# WORK INSTRUCTION
Copy every line that contains the string "with" from the entries below.

# MATERIAL FOR THIS TASK
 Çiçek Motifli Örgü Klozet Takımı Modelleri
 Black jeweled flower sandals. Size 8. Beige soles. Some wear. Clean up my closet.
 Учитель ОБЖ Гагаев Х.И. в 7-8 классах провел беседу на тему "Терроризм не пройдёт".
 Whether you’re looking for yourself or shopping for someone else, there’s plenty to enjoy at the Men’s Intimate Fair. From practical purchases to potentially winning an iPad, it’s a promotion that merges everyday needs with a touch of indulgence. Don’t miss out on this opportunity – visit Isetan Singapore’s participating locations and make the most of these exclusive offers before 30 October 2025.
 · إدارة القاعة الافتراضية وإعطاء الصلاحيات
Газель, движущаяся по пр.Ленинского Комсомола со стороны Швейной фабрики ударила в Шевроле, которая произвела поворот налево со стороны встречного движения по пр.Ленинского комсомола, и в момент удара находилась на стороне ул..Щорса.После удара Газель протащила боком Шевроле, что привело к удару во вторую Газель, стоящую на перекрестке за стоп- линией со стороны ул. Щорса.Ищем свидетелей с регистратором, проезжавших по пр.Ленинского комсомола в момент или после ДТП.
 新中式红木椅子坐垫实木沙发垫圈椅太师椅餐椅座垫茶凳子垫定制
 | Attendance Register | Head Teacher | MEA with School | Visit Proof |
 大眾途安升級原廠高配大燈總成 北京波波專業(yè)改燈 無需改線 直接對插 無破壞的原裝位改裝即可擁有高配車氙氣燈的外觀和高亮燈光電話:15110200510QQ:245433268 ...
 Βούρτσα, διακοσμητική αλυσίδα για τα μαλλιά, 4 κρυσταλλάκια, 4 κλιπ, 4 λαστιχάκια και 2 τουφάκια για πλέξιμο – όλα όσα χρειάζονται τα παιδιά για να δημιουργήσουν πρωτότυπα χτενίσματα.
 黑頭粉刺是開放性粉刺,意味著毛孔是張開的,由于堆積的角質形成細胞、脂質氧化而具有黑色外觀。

# REPLY
 Whether you’re looking for yourself or shopping for someone else, there’s plenty to enjoy at the Men’s Intimate Fair. From practical purchases to potentially winning an iPad, it’s a promotion that merges everyday needs with a touch of indulgence. Don’t miss out on this opportunity – visit Isetan Singapore’s participating locations and make the most of these exclusive offers before 30 October 2025.
 | Attendance Register | Head Teacher | MEA with School | Visit Proof |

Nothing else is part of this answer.